### Exercise objective
Beginning at the line that contains "статический трос |" and finishing at the line that contains "12月1日,牧民在交流会上出", output the data below exactly. Include both end lines and no pictures.

### Input for this task
== Segment start ==
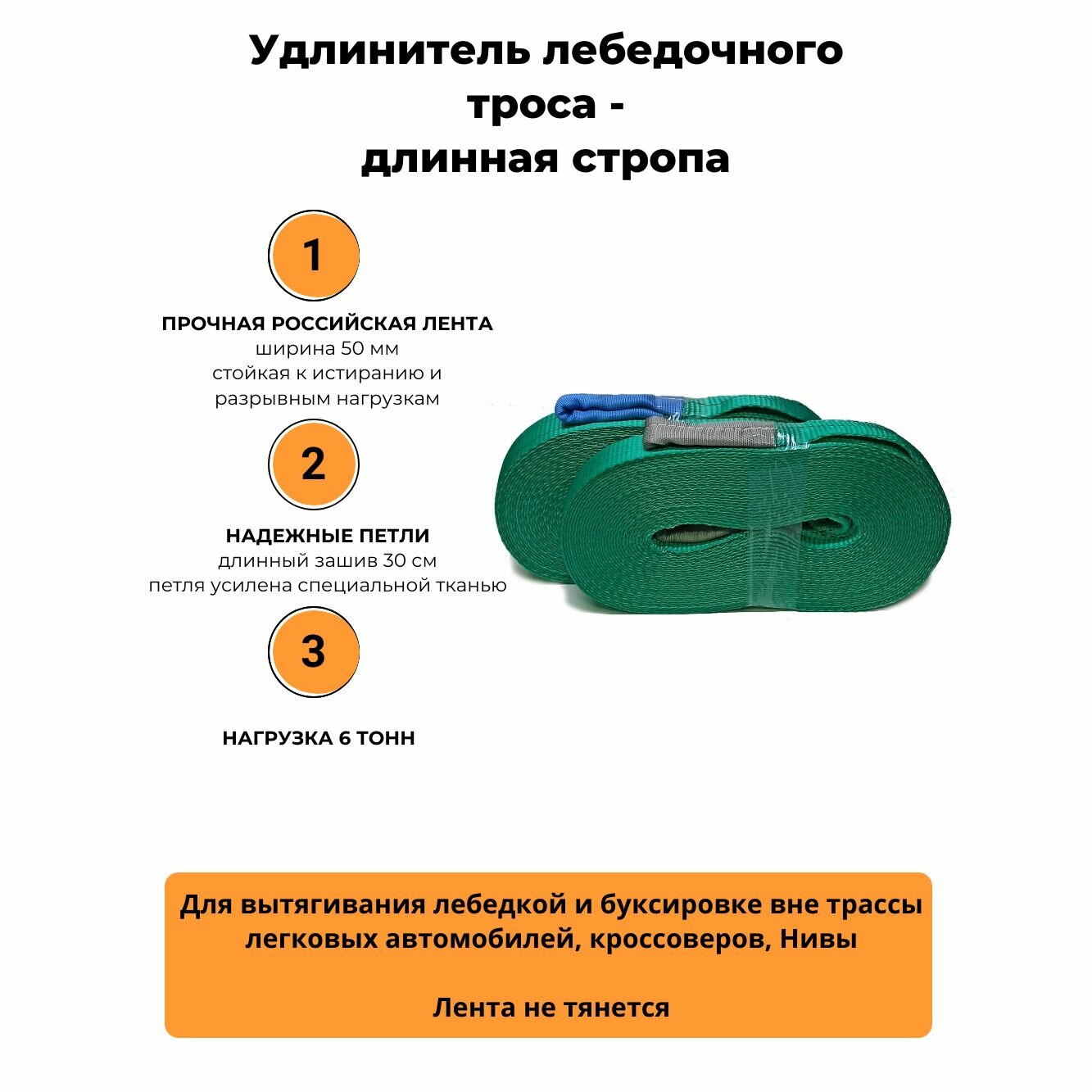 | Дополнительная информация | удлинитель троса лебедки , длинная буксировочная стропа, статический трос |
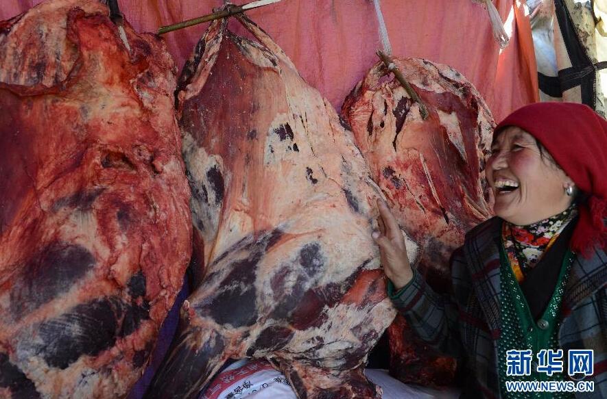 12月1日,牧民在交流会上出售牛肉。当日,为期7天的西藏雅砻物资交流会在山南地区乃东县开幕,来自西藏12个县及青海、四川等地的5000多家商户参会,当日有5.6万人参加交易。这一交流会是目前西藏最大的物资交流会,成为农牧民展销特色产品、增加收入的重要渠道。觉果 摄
== Segment end ==
== Segment start ==
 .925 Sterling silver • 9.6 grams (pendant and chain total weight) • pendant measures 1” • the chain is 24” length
== Segment end ==
### Result for this task
 | Дополнительная информация | удлинитель троса лебедки , длинная буксировочная стропа, статический трос |
 12月1日,牧民在交流会上出售牛肉。当日,为期7天的西藏雅砻物资交流会在山南地区乃东县开幕,来自西藏12个县及青海、四川等地的5000多家商户参会,当日有5.6万人参加交易。这一交流会是目前西藏最大的物资交流会,成为农牧民展销特色产品、增加收入的重要渠道。觉果 摄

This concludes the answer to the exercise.